■ About this exercise
Please give back each entry below unaltered, leaving the pictures out.

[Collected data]
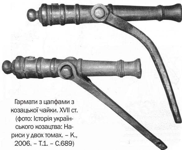
Гармати з цапфами з козацької чайки. XVII ст.

Як свідчать деякі джерела, а саме «Реєстр полковників Війська Запорозького на турецьку експедицію під Хотин у 1621 році», козацьке військо, що прибуло до місця битви з 23 гарматами, явно не було переобтяжене ані порохом, ані ядрами, оскільки весь його боєзапас легко вмістився на 12 возах 39 . Такої кількості запряжених четвіркою коней возів із порохом та ядрами вистачило б лише одній великій
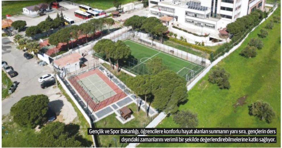
Gençlik ve Spor Bakanlığı, öğrencilere konforlu hayat alanları sunmanın yanı sıra, gençlerin ders dışındaki zamanlarını verimli bir şekilde değerlendirebilmelerine katkı sağlıyor.
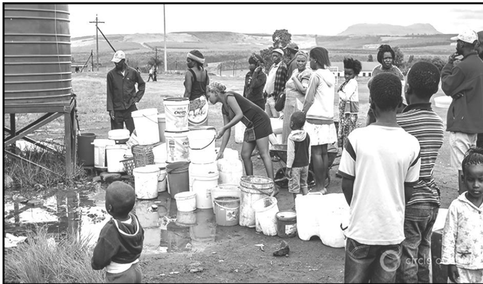
[Xifaniso lexi xi huma eka webusayiti ya www.E360.yale.edu.com ]
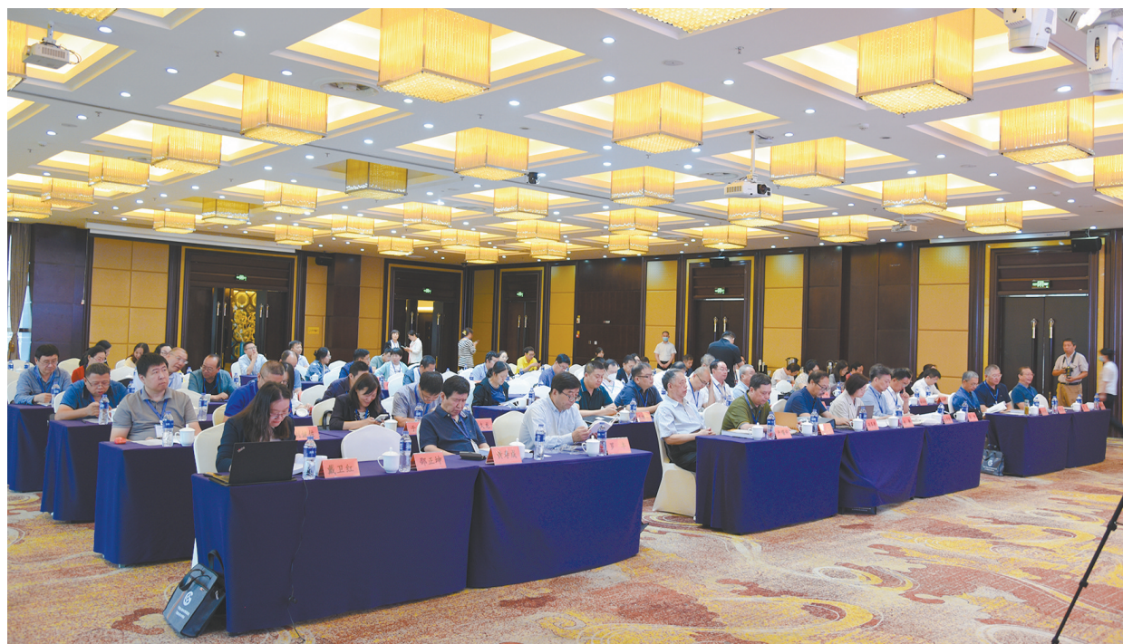
“丝绸之路暨北朝时期固原区域文化”国际学术研讨会与会嘉宾、学者

魏晋南北朝是继春秋战国之后我国历史上第二次民族大融合时期，各民族文化呈现整合趋势，社会也逐步走向统一。本次学术研讨会的参会学者从多方面对北朝时期的政治、军事、文化进行了探讨。华东师范大学历史学院教授章义和以《黄老道〈景图真经〉、新天师道与北魏国家的转型》为题，探讨了北魏国家的华夏转型是黄老政治的延续，新天师道得以参与北魏国家转型过程，依托政治力量推行全国。陕西师范大学历史学院教授黄寿成以高演、高湛“兄弟弑及”中的领军将领为例，阐释了东魏北齐时期在政变中领军将领并没有起到很大作用，相反一些在政权中的显赫地位家族起到了关键作用，决定了当时的政治局势取向。武汉大学历史学院副教授姜望来以《魏晋到唐初：皇位传承与中古时代特质》为题，讨论了皇位传承问题，进行宏观审视和把握，对相关历史进程予以辩证思考和分析。他认为在魏晋至唐初期间，皇位传承受到一些在汉以前和唐以后都不存在或至少不典型的特殊因素（中古门阀统治、胡汉不同传统）的影响和制约，从而具有一定的历史独特风格，并在此过程中参与塑造中古时代特殊性质，成为中古时代特殊性质的一部分。北京师范大学历史学院教授严耀中通过梳理北魏在不同时空设置的多个平原郡、关于平原镇、匈奴族与平原郡的特殊关系、地方行政单位变迁中“汉化”因素、导致北魏平原郡情况复杂多变的主要因素等几个方面的问题，论述了北魏平原郡的设置和面貌，进一步阐述了平原郡的特殊性和由此产生的一系列问题。华东师范大学历史系教授李磊以《高平与南京、后秦、西秦、赫连夏的连环盛衰》为研究对象，探讨了西北地缘政治的终结，缘于赫连夏败于北魏。北方民族大学西北民族社会发展研究中心教授张多勇对宇文泰在关陇一带活动涉及的诸多地名进行了定位研究，通过地图空间展示宇文泰等控制的战略要地，揭示了这些军事要塞相互声援，形成防守体系，对于中国古代军事史的研究具有重要作用。西北民族大学历史文化学院教授朱悦梅对文献所见两汉魏晋时期以金城郡内部的县及区划为节点的交通路线进行梳理，以观察汉晋金城郡内部交通及其与周边区域间交通的地理空间分布，进一步研究金城郡交通地理格局的特征及其演变。南京大学历史学院教授张雪峰介绍了南京大学北园东晋墓出土的“金式金属带具”及相关衣物，认为这些文物是研究魏晋南北朝帝陵不可回避的资料；金属带具的源头是草原文化，草原文化因素在吸纳中原文明的理念后，其形制、材料、装饰纹样及思想内涵都发生了重要变化；“晋式金属带具”作为草原文化的完成形态，成为中原文明的象征，随着文明的交流，影响到中国遥远的南方地区及朝鲜半岛、日本半岛等周边地区。宁夏社会科学院教授薛正昌从丝绸之路与固原、北朝地方政权建制、宇文泰经营原州几个方面全方位论述了丝路视域下北朝固原政治、军事与文化，说明原州城不仅是军事重镇，也是丝绸之路西出北上的重要驿站，承载着东西文化交流与商贸往来的重任，尤其是中西文化交往交流与交融。宁夏文物保护中心二级研究员马建军从考古学角度，以近年来宁夏境内丝路考古获得的重要成果，发现的大量丝路文物开始讨论，阐述了丝绸之路宁夏段的文化交流民族融合。固原市地方志研究室主任、一级调研员张志海通过北朝时期的固原基本情况、关陇集团的形成、北朝时期的固原经济社会、北朝时期固原文化艺术几个方面的论述，较完整地厘清北朝时期固原历史发展的脉络，全方位展现了北朝时期固原政治、经济、社会、文化各方面的历史风貌，对进一步研究固原北朝历史文化具有指导意义。

■ Output for this exercise
Гармати з цапфами з козацької чайки. XVII ст.

Як свідчать деякі джерела, а саме «Реєстр полковників Війська Запорозького на турецьку експедицію під Хотин у 1621 році», козацьке військо, що прибуло до місця битви з 23 гарматами, явно не було переобтяжене ані порохом, ані ядрами, оскільки весь його боєзапас легко вмістився на 12 возах 39 . Такої кількості запряжених четвіркою коней возів із порохом та ядрами вистачило б лише одній великій
Gençlik ve Spor Bakanlığı, öğrencilere konforlu hayat alanları sunmanın yanı sıra, gençlerin ders dışındaki zamanlarını verimli bir şekilde değerlendirebilmelerine katkı sağlıyor.
[Xifaniso lexi xi huma eka webusayiti ya www.E360.yale.edu.com ]
“丝绸之路暨北朝时期固原区域文化”国际学术研讨会与会嘉宾、学者

魏晋南北朝是继春秋战国之后我国历史上第二次民族大融合时期，各民族文化呈现整合趋势，社会也逐步走向统一。本次学术研讨会的参会学者从多方面对北朝时期的政治、军事、文化进行了探讨。华东师范大学历史学院教授章义和以《黄老道〈景图真经〉、新天师道与北魏国家的转型》为题，探讨了北魏国家的华夏转型是黄老政治的延续，新天师道得以参与北魏国家转型过程，依托政治力量推行全国。陕西师范大学历史学院教授黄寿成以高演、高湛“兄弟弑及”中的领军将领为例，阐释了东魏北齐时期在政变中领军将领并没有起到很大作用，相反一些在政权中的显赫地位家族起到了关键作用，决定了当时的政治局势取向。武汉大学历史学院副教授姜望来以《魏晋到唐初：皇位传承与中古时代特质》为题，讨论了皇位传承问题，进行宏观审视和把握，对相关历史进程予以辩证思考和分析。他认为在魏晋至唐初期间，皇位传承受到一些在汉以前和唐以后都不存在或至少不典型的特殊因素（中古门阀统治、胡汉不同传统）的影响和制约，从而具有一定的历史独特风格，并在此过程中参与塑造中古时代特殊性质，成为中古时代特殊性质的一部分。北京师范大学历史学院教授严耀中通过梳理北魏在不同时空设置的多个平原郡、关于平原镇、匈奴族与平原郡的特殊关系、地方行政单位变迁中“汉化”因素、导致北魏平原郡情况复杂多变的主要因素等几个方面的问题，论述了北魏平原郡的设置和面貌，进一步阐述了平原郡的特殊性和由此产生的一系列问题。华东师范大学历史系教授李磊以《高平与南京、后秦、西秦、赫连夏的连环盛衰》为研究对象，探讨了西北地缘政治的终结，缘于赫连夏败于北魏。北方民族大学西北民族社会发展研究中心教授张多勇对宇文泰在关陇一带活动涉及的诸多地名进行了定位研究，通过地图空间展示宇文泰等控制的战略要地，揭示了这些军事要塞相互声援，形成防守体系，对于中国古代军事史的研究具有重要作用。西北民族大学历史文化学院教授朱悦梅对文献所见两汉魏晋时期以金城郡内部的县及区划为节点的交通路线进行梳理，以观察汉晋金城郡内部交通及其与周边区域间交通的地理空间分布，进一步研究金城郡交通地理格局的特征及其演变。南京大学历史学院教授张雪峰介绍了南京大学北园东晋墓出土的“金式金属带具”及相关衣物，认为这些文物是研究魏晋南北朝帝陵不可回避的资料；金属带具的源头是草原文化，草原文化因素在吸纳中原文明的理念后，其形制、材料、装饰纹样及思想内涵都发生了重要变化；“晋式金属带具”作为草原文化的完成形态，成为中原文明的象征，随着文明的交流，影响到中国遥远的南方地区及朝鲜半岛、日本半岛等周边地区。宁夏社会科学院教授薛正昌从丝绸之路与固原、北朝地方政权建制、宇文泰经营原州几个方面全方位论述了丝路视域下北朝固原政治、军事与文化，说明原州城不仅是军事重镇，也是丝绸之路西出北上的重要驿站，承载着东西文化交流与商贸往来的重任，尤其是中西文化交往交流与交融。宁夏文物保护中心二级研究员马建军从考古学角度，以近年来宁夏境内丝路考古获得的重要成果，发现的大量丝路文物开始讨论，阐述了丝绸之路宁夏段的文化交流民族融合。固原市地方志研究室主任、一级调研员张志海通过北朝时期的固原基本情况、关陇集团的形成、北朝时期的固原经济社会、北朝时期固原文化艺术几个方面的论述，较完整地厘清北朝时期固原历史发展的脉络，全方位展现了北朝时期固原政治、经济、社会、文化各方面的历史风貌，对进一步研究固原北朝历史文化具有指导意义。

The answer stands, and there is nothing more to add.